Neha Vora, assistant professor of anthropology and sociology, has received a National Science Foundation (NSF) grant to launch a project to study American higher education in the Gulf Arab States.
Neha Vora, assistant professor of anthropology and sociology
The Catalyzing New International Collaborations grant allowed Vora to travel this March to Kuwait, Qatar, and the United Arab Emirates for preliminary research and to establish partnerships with institutions of higher education in these countries. Next year, she and co-researcher Natalie Koch, assistant professor of geography at Syracuse University, plan to submit a larger NSF proposal to study the impact of adopting the American model of higher education in at least two schools in each country.
The comparative study will explore how different countries in the Gulf have adapted American-style higher education as well as how that differs among various types of institutions (community colleges, national universities, and American branch campuses, for example). Vora and Koch are interested in all aspects of the higher education system, including the bureaucratic agendas and planning that go into establishing campuses, how administrators and faculty view American education’s role in the Gulf, and how the physical campuses and social environments influence citizenship and subjectivity.
“We want to understand the hows and whys of the proliferation of American-style higher education as part of Gulf countries’ attempts to move from petro-states to what they describe as ‘knowledge economies,’ which would derive wealth from human capital rather than finite natural resources,” Vora explains. “We are finding so far that the category of ‘American-style education’ is extremely heterogeneous and draws many different populations with different goals and unexpected outcomes.”
Vora notes that the study is not just relevant to the Gulf states, but to many American educational institutions as well. In the last decade, she says, many American campuses have partnered with “non-liberal states,” raising concern among U.S. faculty that their institutions’ commitment to liberal education could be compromised. There are few studies, though, of the on-the-ground impacts of these branch campuses, and, in fact, Vora and Koch’s preliminary research has revealed that everyday life on Gulf campuses is rather similar to their American counterparts.
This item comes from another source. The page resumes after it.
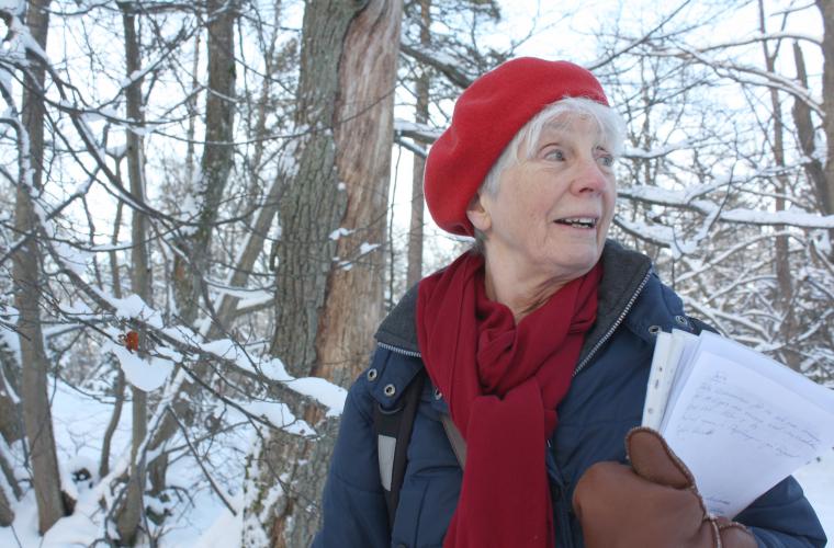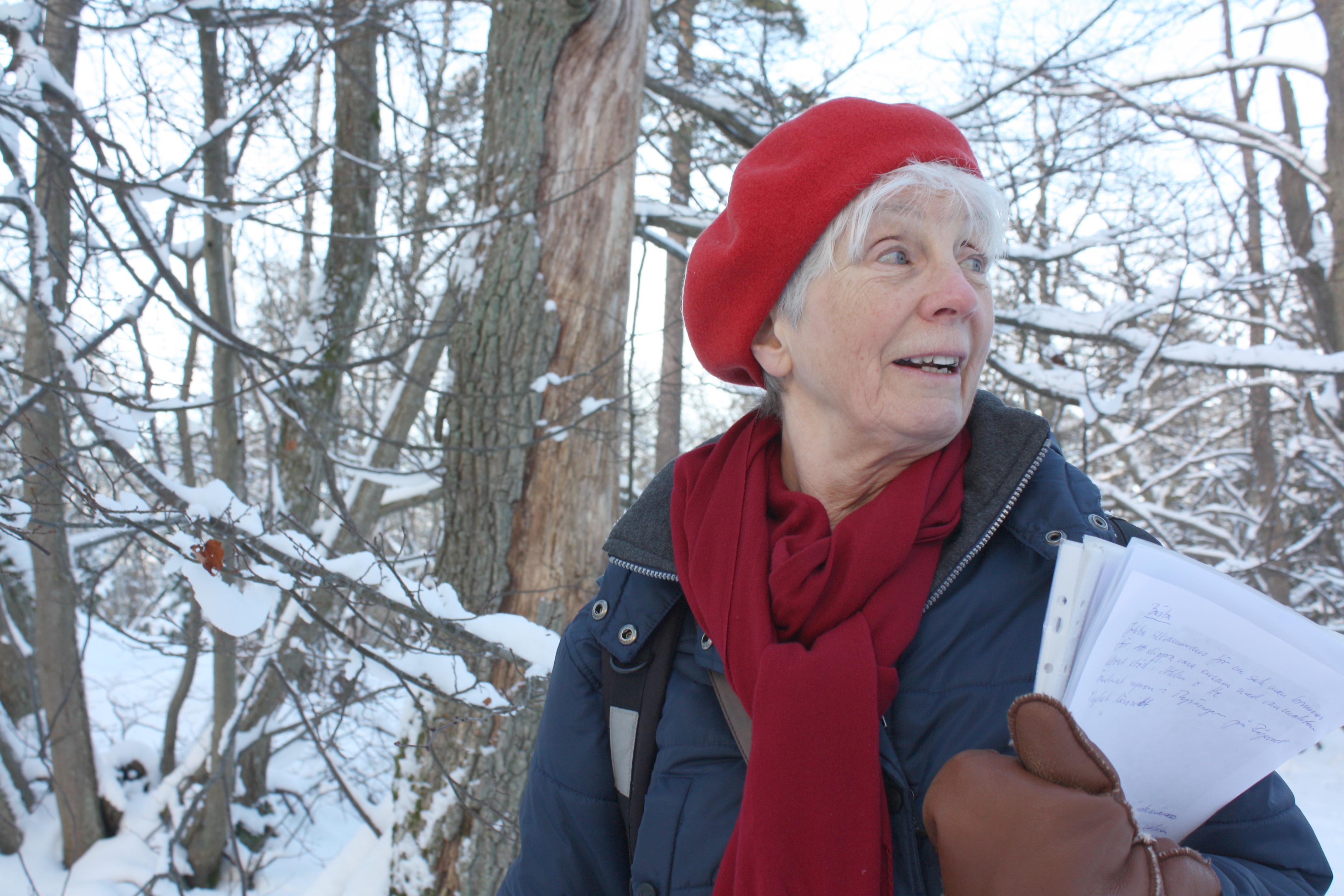 Vi vandrar upp på ett litet berg på Ekorrnäset invid Magelungen. Här uppe ligger en av Eva Wessléns favoritplatser i området. Uppe på berget står ett fint bestånd med äldre skogslindar.

The project partners well with Vora’s research for her second book, which will be an ethnography of the American branch campuses in Qatar. She previously received a grant from the Wenner Gren Foundation to support her research in Qatar’s capital city of Doha. Vora’s first book, Impossible Citizens: Dubai’s Indian Diaspora, explores the predicament of Indians and other South Asians who, she says, comprise the majority of Dubai’s population but are unable to obtain permanent citizenship in the Emirati state.
“As an anthropologist of the Gulf region, I have always been surprised by how readily these countries are dismissed as devoid of culture, full of repression, and generally unimportant—beyond oil and security—to understandings of how the contemporary world works,” she says. “My scholarship has tried to de-exceptionalize the Gulf and consider how processes of labor, migration, and citizenship, for example, are quite normal there when we look beyond the labels we have used to mark these countries as the antithesis of the West.”